The attenuation of activation recovery interval shortening, reduction in dispersion of repolarization, and reduction in premature ventricular contractions were included to validate the model and demonstrate the effect of bupivacaine on cardiac sympathoexcitation, as previously described,11,14,58  and confirm that the recorded neural responses were due to the effects of bupivacaine. The primary focus of this study was to show that one of the mechanisms behind the suppression of the arrhythmogenicity by bupivacaine could be altering the spinal neural network and interactions between spinal afferent and efferent sites. We showed that spinal bupivacaine blocked the integration and processing of afferent neural signals in the dorsal horn during myocardial ischemia and prevented coordinated activity of dorsal horn–intermediolateral nucleus to reduce the cardiac sympathoexcitation.

Limitations

Both sympathetic and vagal influences work together in the autonomic nervous system toward the reflex control of the heart. Our studies were designed to study the impact of alternations in afferent signaling on the spinal sympathetic output in an in vivo model of intact vagal control. In our model, we investigated neural interactions solely within the T2 level of the spinal cord. Multilevel functional assessment will entail simultaneous insertion at two or more levels. It is known that bupivacaine blocks sodium channels on afferent root fibers as well as ventral root preganglionic sympathetic fibers.59  Since this study did not focus on recording from the dorsal root ganglion and sympathetic trunk ganglion, it is not apparent whether root fibers were affected by bupivacaine administration. The extent to which sodium channel blockage in these fibers may have affected the attenuation of signals observed in the dorsal horn and intermediolateral is also unknown. Additionally, there are supraspinal inputs from higher centers that synapse onto the dorsal horn and intermediolateral regions.23,60  Our study was not designed to delineate the influence of the higher centers on spinal cord processing and integration of cardiac signals. Also, the suppression in the neural interaction to the ischemia by bupivacaine that is reported in this study might be partially due to the ischemia preconditioning, although previous studies in this model suggest a limited effect with the brief periods of myocardial ischemia.31  In this study we did not test the control ischemia after the bupivacaine wears off; however, based on our other studies with a similar experimental model,26,30,31,40  the time controls during model validation did not show a significant difference in the neural response to multiple stressors.

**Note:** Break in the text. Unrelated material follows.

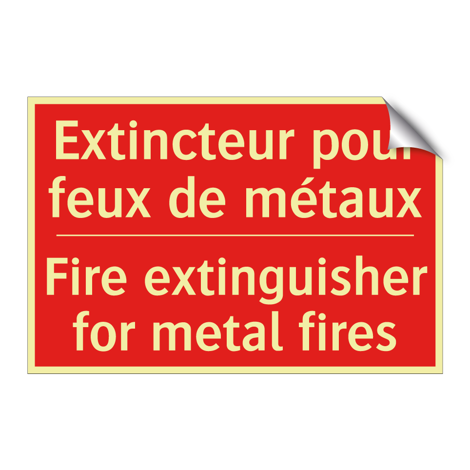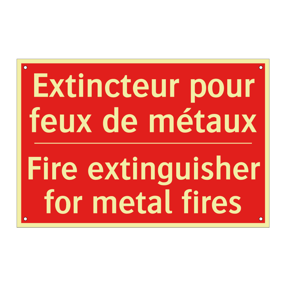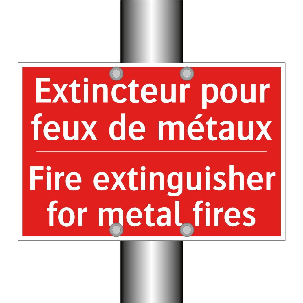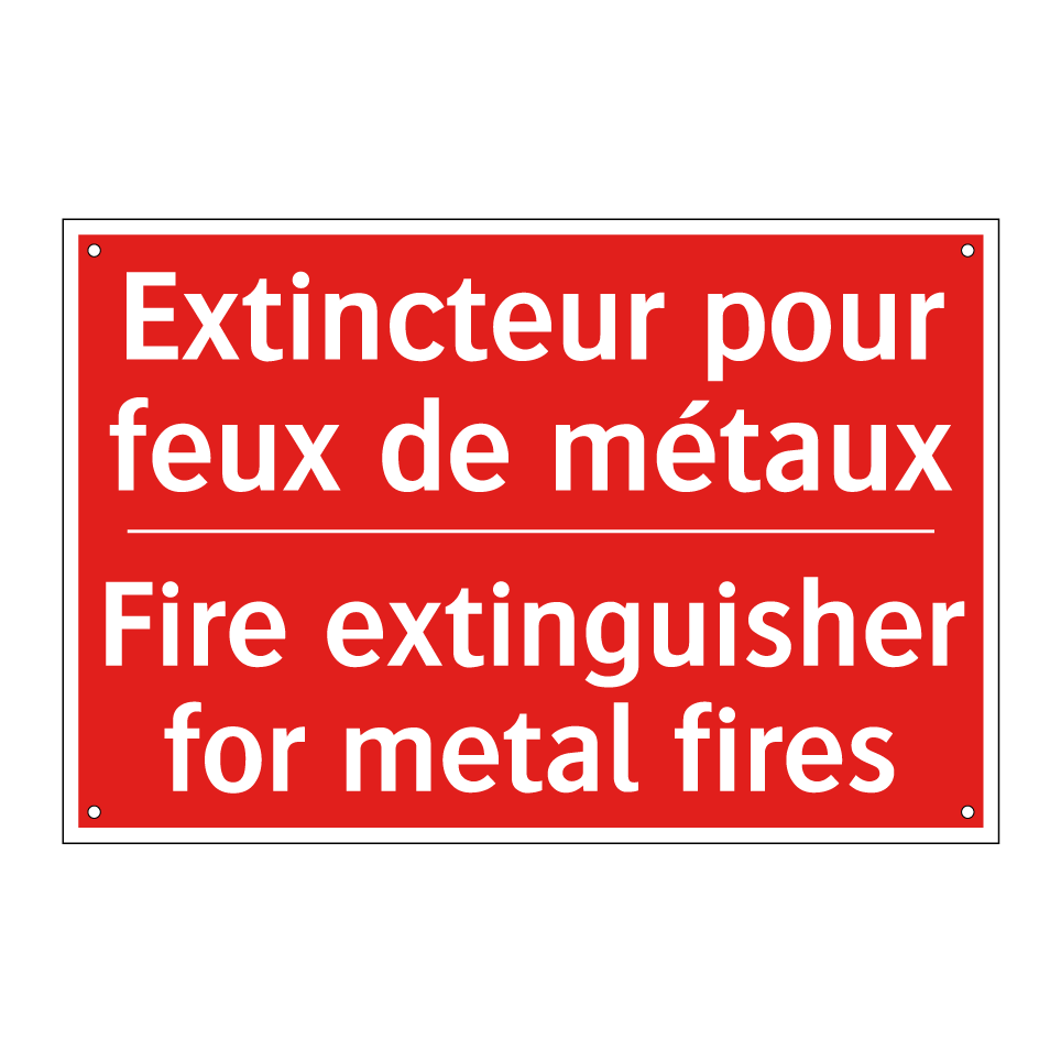 Panneau de signalisation incendie bilingue avec texte en français : "Extincteur pour feux de métaux", et en anglais : "Fire extinguisher for metal fires"
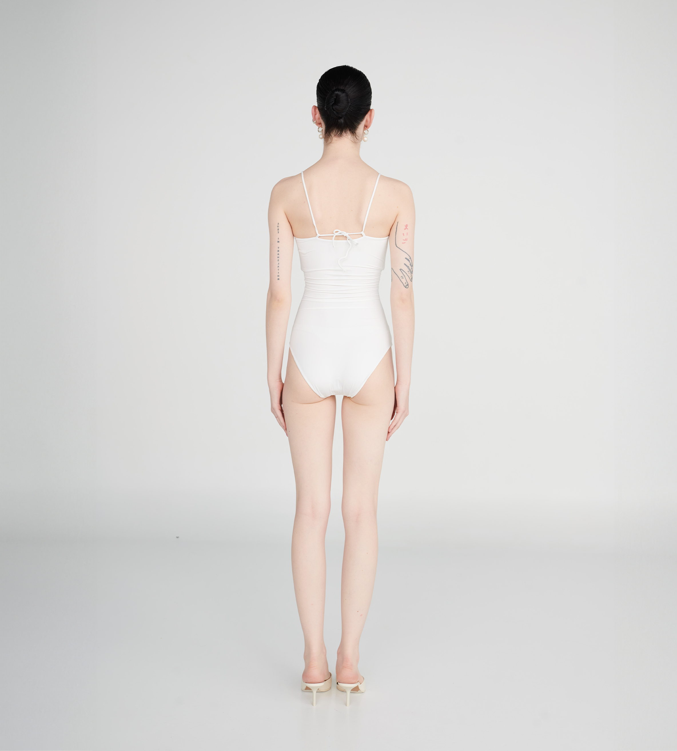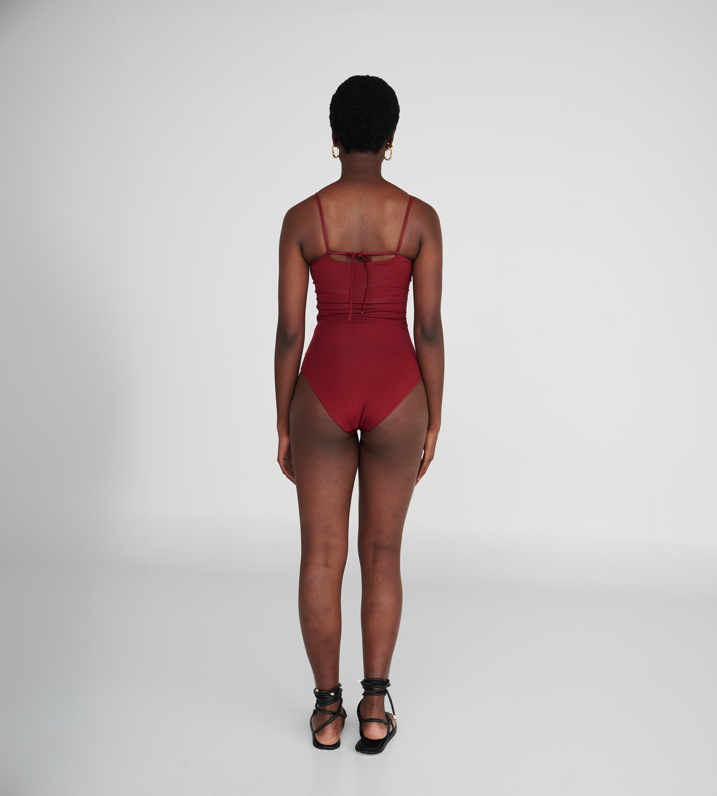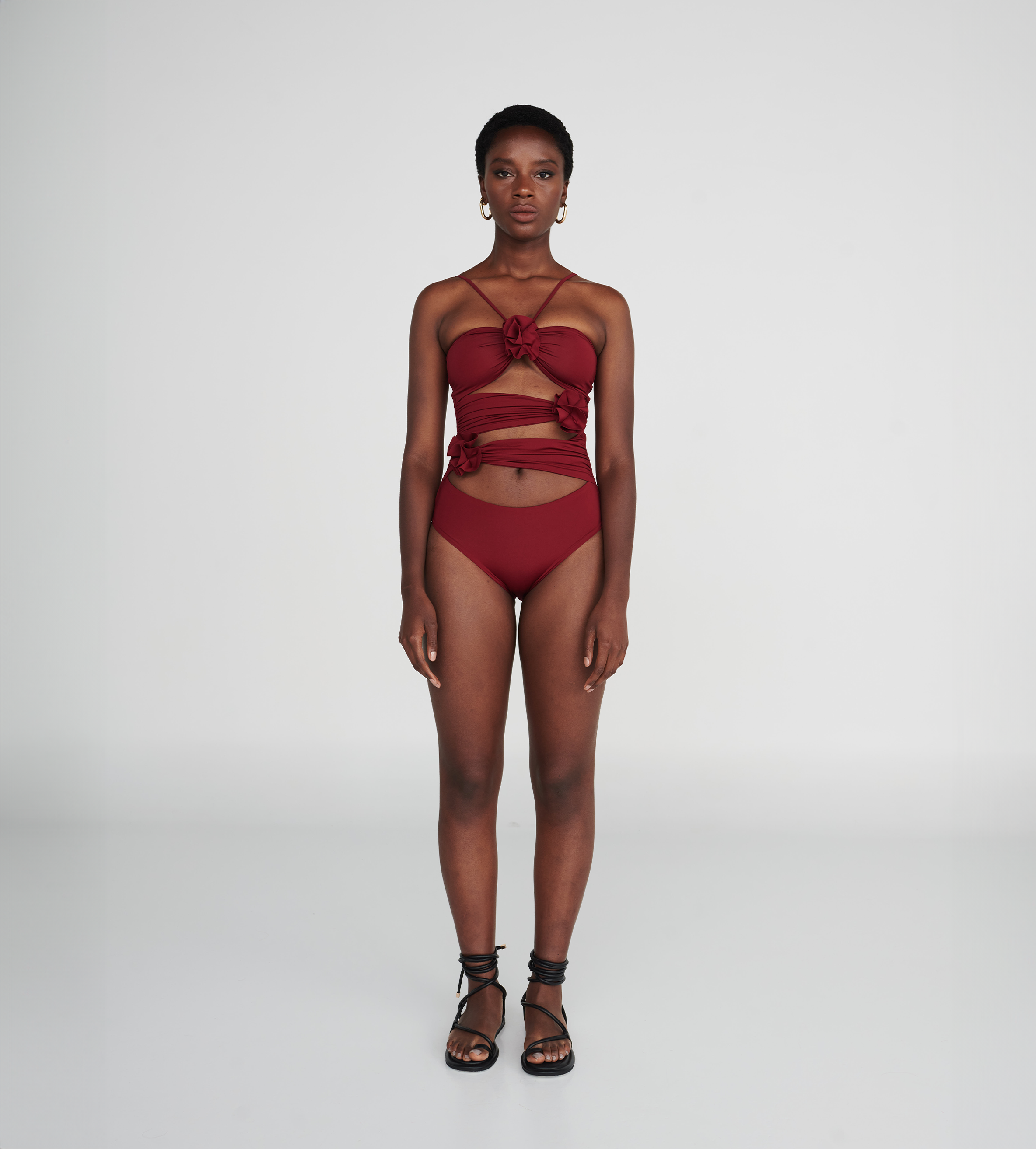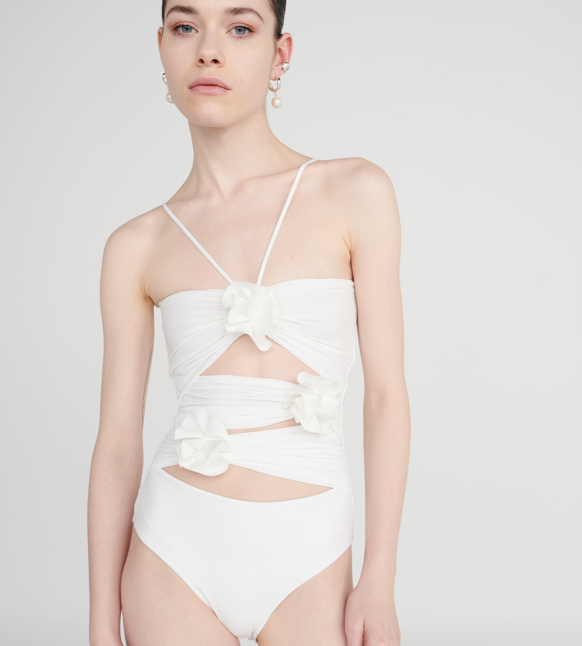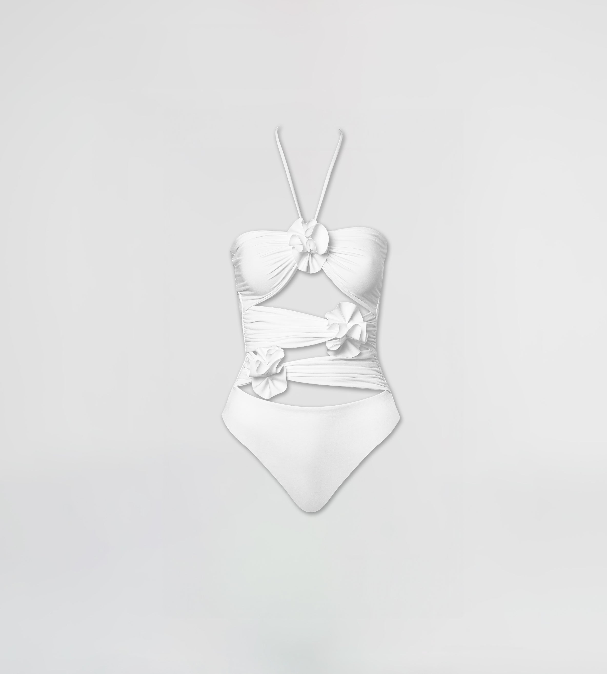 Traje de baño de una pieza con escote recto en la parte delantera y trasera, cierre de nudo y aberturas asimetricas en el abdomen con 3 flores de arandelas. Este traje tiene un corte de pierna más alto que estiliza la figura.

We acknowledge that there are other novel approaches for cardioprotection from myocardial ischemia, such as hypoxia signaling, circadian rhythm, or adenosine signaling. We did not evaluate them in the current study.

Conclusions

Thoracic spinal anesthesia with bupivacaine suppresses the cardiospinal neuronal network responses to myocardial ischemia and cardiac stressors at the level of the spinal cord. Increased short-term coordination between dorsal horn to dorsal horn and dorsal horn to sympathetic preganglionic neurons at the level of the spinal cord contributes significantly to the increase in cardiac sympathetic activity. This increased cardiospinal network interaction during myocardial ischemia is blocked by bupivacaine, reducing sympathetically mediated cardiac arrhythmogenesis. Future characterization of types of responsive neurons, neurochemicals involved in network signaling and synchronization, and their responses to various modulatory approaches can allow more specific drugs and bioelectric therapies to be developed.

Research Support

Supported by grants from the National Institutes of Health (Bethesda, Maryland). The study is funded by NIH RO1 HL136836. Dr. Mahajan is supported by NIH RO1 HL136836 and NIH R44 DA049630. Dr. Howard-Quijano is supported by NIH K08 HL135418.

Competing Interests

The authors declare no competing interests.